Surviving the Sleepover Party

Surviving the Sleepover Party

A “sleepover” or “slumber party” is somewhat of a misnomer because very little sleep actually takes place at these events. It can also be intimidating to have other people's children to feed, entertain, and care for overnight. But if you anticipate the challenges and prepare yourself and your household for the party, you can organize a memorable event that’s fun for everyone.

Choose your guests carefully. Ideally, sleepover guests will be comfortable staying away from home overnight, which may occur as early as age 6 but more commonly around age 8 or 9. If your young child struggles during playdates with others, delay the group challenge and start with just one sleepover guest. As your child matures, you can work your way up to several invitees. Aim to have an even number of participants, including your child, for team activities so  there’s no “odd man out”.

Prepare other family members for the event. Your partner should plan to be at home to help you with the night’s festivities. Consider that younger siblings may feel left out of the party action. Rent special movies for them or see if a friend can take them on an outing for a portion of the evening.

Create a pleasant sleepover area.
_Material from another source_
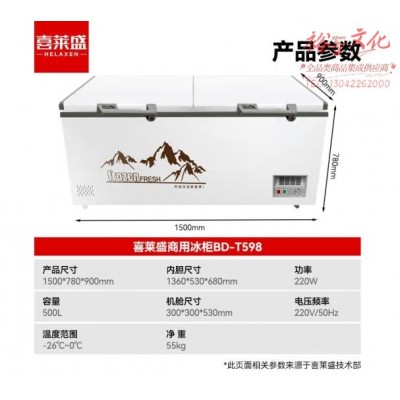 喜莱盛商用大容量冰柜冷柜保鲜柜冷藏冷冻雪糕卧式家用冰箱超市BD-T598SKU:yzwhyp865976

Make sure that kids have a cozy and comfortable sleeping space. String some fairy lights or add different colored lamps to the room. Provide bean bag chairs, cushions, pillows, and blankets.

Plan your provisions. Less-than-healthy snacks are expected at sleepovers. Offer foods that are easy to prepare and clean up such as pizza, popcorn, and chips. If you want to include some healthy items, round out your snack bar with cheese cubes and crackers, fruit, and granola bars. The next morning, continue with the easy-to-prepare theme and serve cereal, muffins, bagels with cream cheese, or frozen waffles.  Set out a morning snack so that so that early risers can help themselves.
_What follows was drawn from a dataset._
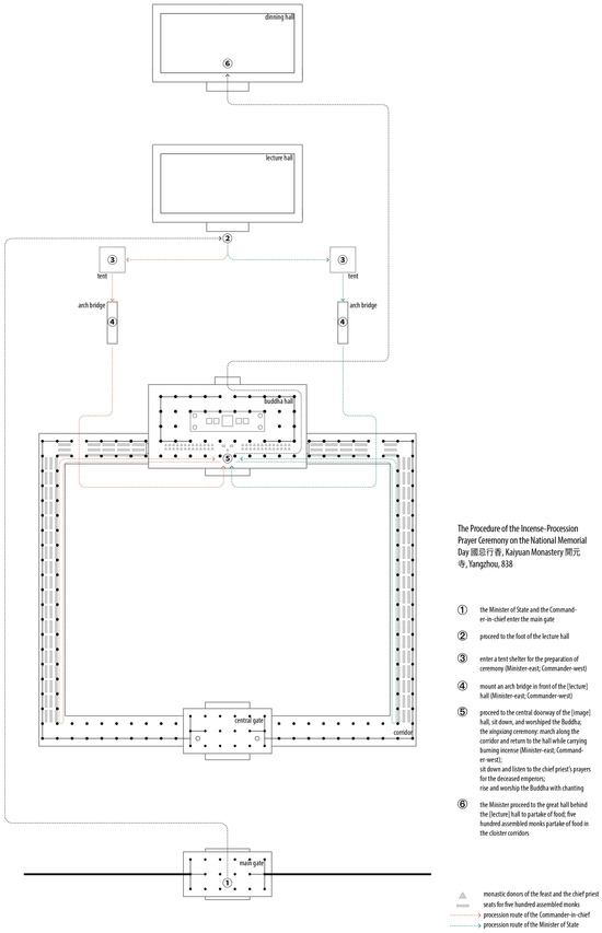 The last significant development, and likely the most critical factor contributing to the consecration of the corridor, was the integration of the maigre feast into the Tang state sacrificial system, for the purpose of praying for the afterlife well-being of the deceased emperors. Adding Buddhist rituals in service of national mourning dates back to 582, when Emperor Sui Wendi ordered the construction of Buddhist monasteries in four cities. On the anniversary of his father’s death, these monasteries were to conduct a series of rituals, including the maigre feast, image making, perambulation (Skt. Caṅkrama) or circumambulation (Skt. Pradakśiṇā), and repentance through observing the eight precepts (Fei 1924–1933, 107b29–c15). The Tang rulers gave this imperial practice greater emphasis. By 727, this ceremony had been enacted nationwide and was subsequently codified into the administrative law, i.e., Tang Liu Dian 唐六典, as a government-hosted observance (Li 1992, p. 217). Known as guoji xingxiang 國忌行香 (Incense-Procession Prayer Ceremony on the National Memorial Day), it was prescribed to be performed annually in official monasteries across eighty-one prefectures throughout China.9

Get critical information.  Obtain cell and home phone numbers for every parent, and find out what time they will be picking up their child the next day. Inquire about guests' potential food allergies or other health issues. It’s smart to keep all of this information together in one place so it’s handy in case you have a question or an emergency situation arises.

Take safety precautions. Check in every hour or so to be sure that all guests are present and that everyone getting along. Strategically place nightlights in the bathrooms, near the stairs, and in other key spots. Every child should also know the route to your bedroom in case of an emergency. Reassure everyone they can wake you if they are scared, sick, or otherwise need assistance.
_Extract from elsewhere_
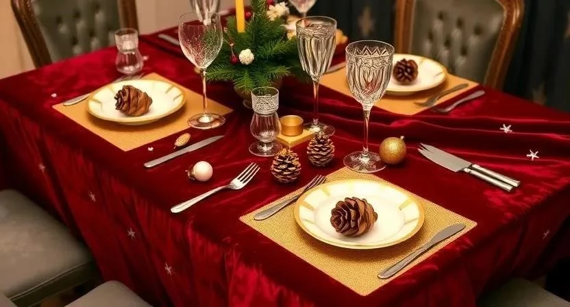 | Новогодняя | Атлас, бархат | Серебряный, золотой, красный | Салфетки с новогодним принтом, дорожка с блестками |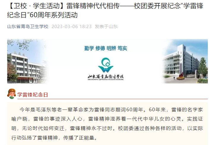 今年是毛泽东等老一辈革命家为雷锋同志题词60周年。60年来,雷锋的名字家喻户晓,雷锋的事迹深入人心,雷锋精神滋养着一代代中华儿女的心灵。实践证明,无论时代如何变迁,雷锋精神永不过时。校团委通过各种各样的活动,以实际行动弘扬了雷锋精神,传播了正能量。

Establish ground rules.  When you have other kids in your home for the night, they are your responsibility. Make sure they understand they cannot leave the house without your permission and cannot make prank phone calls. You might also consider designating certain areas of the house as "off limits", such as rooms that contain valuable items.

Set a schedule. Having a general idea of what to do when will help you stay calm and organized. Consider starting the event at 7 or 8 PM so the pajama-wearing and snack-eating portion of the program can begin immediately. Set a time for lights-out, even though you know they’ll stay up well past it.

Hosting a sleepover requires more work than a regular party does, but with some forethought and careful planning, you can create an event that’s sure to be among your child’s best memories.